You have my dream view! Thank you for sharing such beautiful pics.


----------



## Tommyice (Dec 5, 2010)

No boredom here. I could see more pics if you've got em! 

Now I've really got a hankering to hook up with another horse.


----------



## foxfiredidit (Apr 15, 2003)

Nice photos Rae, your woods are really nice. Everything looks green even in January.
I have only a couple of mushrooms I found in December.


----------



## Raeven (Oct 11, 2011)

LOL, fox, I just finished posting mushroom pics on another thread... I suppose I could cross-post here.


----------



## Raeven (Oct 11, 2011)

Some mushroom pics, then. The first three are of false Chanterelles, which I wanted to share with another Oregonian who's been out hunting Chanterelles.


































And here are some other mushrooms I snapped today, though I've no idea what they are:
































That last one is a psilocybe, but no idea if it's a, ummm, good one or not. Still, nice to look at.


----------



## Raeven (Oct 11, 2011)

LOL, ok, Leslie -- a couple more for you:

The joy of renewal!












Another angle of the trees on the hill behind the house:












And the pigs and piglets say hello. 













And th-th-th-aaaaat's all for today, folks!


----------



## Tommyice (Dec 5, 2010)

Is one of them Hickory? soon to be smoked hickory? Ymmmmm bacon walking freely.


----------



## vicker (Jul 11, 2003)

Beautiful, Raeven.


----------



## Raeven (Oct 11, 2011)

LOL, yes, Hickory still walks among us, bacon on the hoof so to speak, as does Penelope, Wilbur and little porky Foxfire.  They all move around so much, it's very hard to get good photos of them... especially if one is not particularly skilled with a camera!


----------



## billooo2 (Nov 23, 2004)

Great pictures!!!!! Thanks for sharing!!!


----------



## nehimama (Jun 18, 2005)

I really enjoyed the photos. Thank You!


----------



## Raven12 (Mar 5, 2011)

As the the loan PETA member on the entire HT site I would like to say, "Do you have to name them?" Awwwwwww.

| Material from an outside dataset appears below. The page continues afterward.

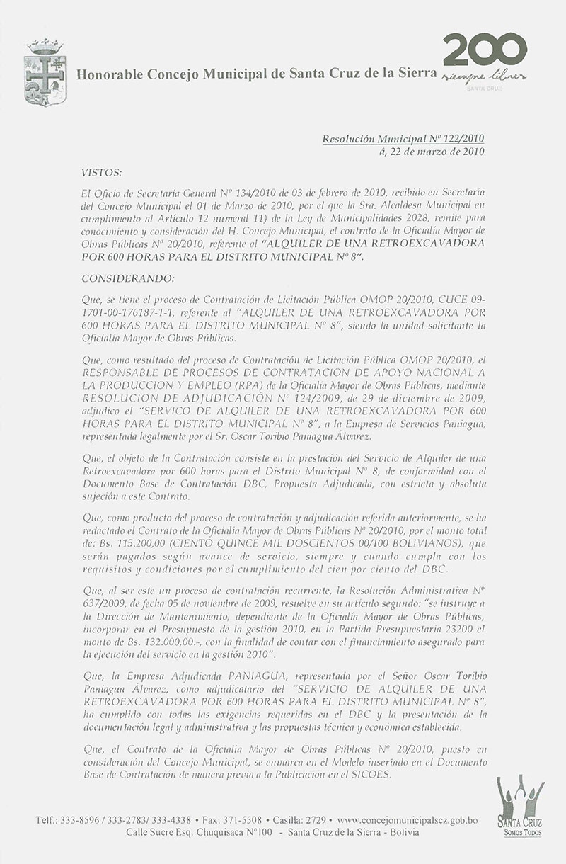 Aprueba el Contrato OMAP Nº 020/2010, referente al Alquiler de una Retroexcavadora para el Distrito Municipal Nº 8, por Bs. 115.200,00.

(I still think you are way cool.)


----------



## Guest (Jan 2, 2013)

Great photos...thanks !!!!!!!

I was noticing your road...do you get snowed in often?


----------



## Raeven (Oct 11, 2011)

Raven12 said:


> As the the loan PETA member on the entire HT site I would like to say, "Do you have to name them?" Awwwwwww.
> 
> (I still think you are way cool.)


LOL, what a nice thing to say -- and I'm glad I've got SOMEONE bamboozled, anyway. 

We can pretend I haven't named them and simply refer to them as Bacon-ator, Sir Loin, Hambone and Cracklin'.


----------



## Raeven (Oct 11, 2011)

bostonlesley said:


> Great photos...thanks !!!!!!!
> 
> I was noticing your road...do you get snowed in often?

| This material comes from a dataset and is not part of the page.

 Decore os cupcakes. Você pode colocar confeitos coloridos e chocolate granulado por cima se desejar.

Lesley... that's my driveway, and no, not too often. There's actually a more treacherous part around the bend where you can't see. It dips down to cross a (second) creek, and the climb up and out of that dip is a little perilous if we've had a good snow. I pretty much stay ready to be snowed in for a couple of weeks at all times each winter. It's only happened once in 8 years, and even that was a pleasant self-deception. I keep a 4-wheel drive truck and an all-wheel drive car -- and that's part of what they're for.  Snow rarely lasts long around here. Very different to where you are!


----------



## Shygal (May 26, 2003)

Oh you CANT make bacon out of a pig named Wilbur :nono:


----------



## doodlemom (Apr 4, 2006)

Listen to the spider, Raven


----------



## Raven12 (Mar 5, 2011)




----------



## Raven12 (Mar 5, 2011)

How do you edit these pictures down? They are so huge!


----------



## Raeven (Oct 11, 2011)

ROFL, doodle, not to worry -- Wilbur and Hickory are headed to Freezer Camp. Foxfire is not, but only because the vet liked the look of him. He's slated to become registered breeding stock. Who would have thought? He better hope a BUYER also likes the look of him. 

Penelope dodges the bullet by virtue of being a gilt, but only if she can prove herself an able sow through a first litter. If she has inverted nipples (am I going to be banned for saying 'nipples'??), then CCCHHHHRRRGGGHHHHHTTTTTTT!!! It's off to the camp with her!!

LOLOL, I love your Charlotte's Web doodle!!!


----------



## Raeven (Oct 11, 2011)

LOL, awwwww, Raven-sis, I LOVE big... pics!!!


----------



## Raven12 (Mar 5, 2011)

That is Godzilla's kleenex box sitting on your thread! Oh well.


----------



## Raeven (Oct 11, 2011)

ROFL, what is it they say? If it's worth doing, do it GRANDLY!!! Welcome, Godzilla!!!!


----------



## Ramblin Wreck (Jun 10, 2005)

Thanks for sharing the pics and the stories. You're in a very pretty location...enjoy.


----------



## sherry in Maine (Nov 22, 2007)

I love your property (and your pigs, yum yum)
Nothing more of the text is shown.